Shoprite,
Africa’s biggest grocer, is ramping up its expansion across the
continent with 44 new outlets in Nigeria and 21 in Angola in the next
three to four years as its core South African consumer base grapples
with high personal debt levels and growing fuel and transport costs.
The Chief Executive, Shoprite, Mr. Whitey Basson, was quoted in a Bloomberg
report on Tuesday to have said the company saw scope for the new
outlets in oil-rich Nigeria and Angola in the next three to four years.
The report stated that nearly half of
South Africans failed to pay back their debts for three straight months
this year, prompting banks to tighten their lending criteria, while a
weaker rand currency fuelled inflation and higher petrol prices.

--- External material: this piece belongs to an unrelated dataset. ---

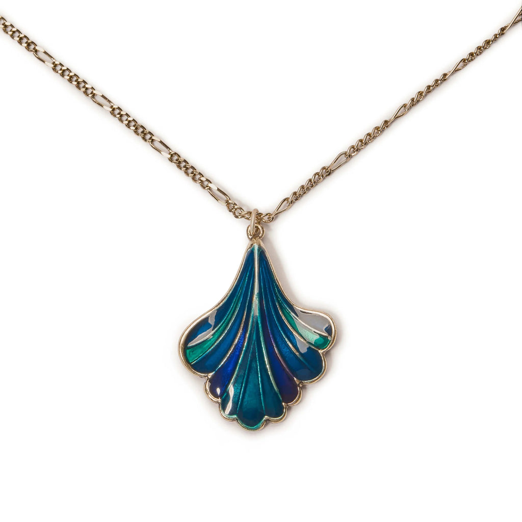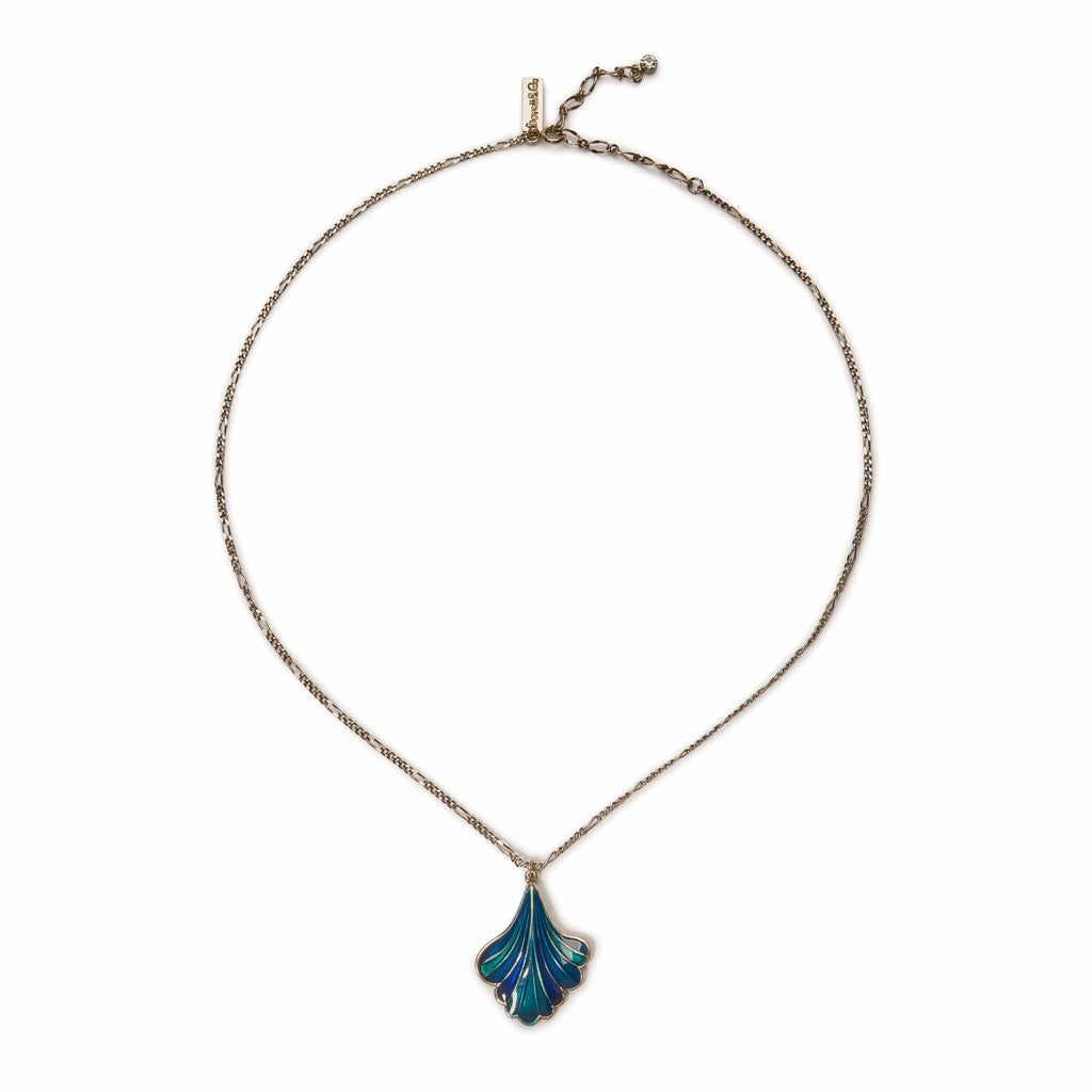 This beautiful necklace from Lovett and Co features a leaf shaped pendant, finished with hand painted enamel in blue and green.

“It’s tough out there,” Shoprite deputy
managing director, Carel Goosen, said at the presentation of the
company’s full-year results.
Cape Town-based Shoprite, which reported
an 11 per cent rise in full-year profit that fell slightly short of
market expectations, said it could double its stores outside of South
Africa in the next four years.
Shoprite has 153 supermarkets in 16
countries outside South Africa. Those foreign outlets registered a 28
per cent jump in sales in the 12 months to the end of June, nearly three
times the rate of growth in its home market during the same period.
After more than two years as an investor
favourite, South African retailers are fast falling out of favour due
to concern that high personal debt levels and reluctance among banks to
lend more will squeeze spending in Africa’s biggest economy.
South African retail sales grew by a
smaller-than-expected 1.9 per cent in June, data from the government
statistics office showed last week.
Shares in Shoprite, which are down about
20 per cent this year, gained 3.3 per cent to 166.73 rand in what
analysts said was a recovery from oversold levels and optimism that its
Africa focus would help it ride a slowdown in consumer spending.
“In Shoprite, you have a company that’s
still growing profits and paying dividends even in a tough environment,
and the results were not that far away from the consensus,” said Reuben
Bleeders, an analyst at Cape Town-based Gryphon Asset Management.
The stock is trading close to its
intrinsic value, according to Thomson Reuters StarMine valuation model,
which takes into account the company’s most likely earning trajectory
over the next five years.
Shoprite posted an 11 per cent rise in
headline earnings per share to 675.4 cents in the year to the end of
June, a touch below the 681 cents forecast in a Reuters poll of 11 analysts.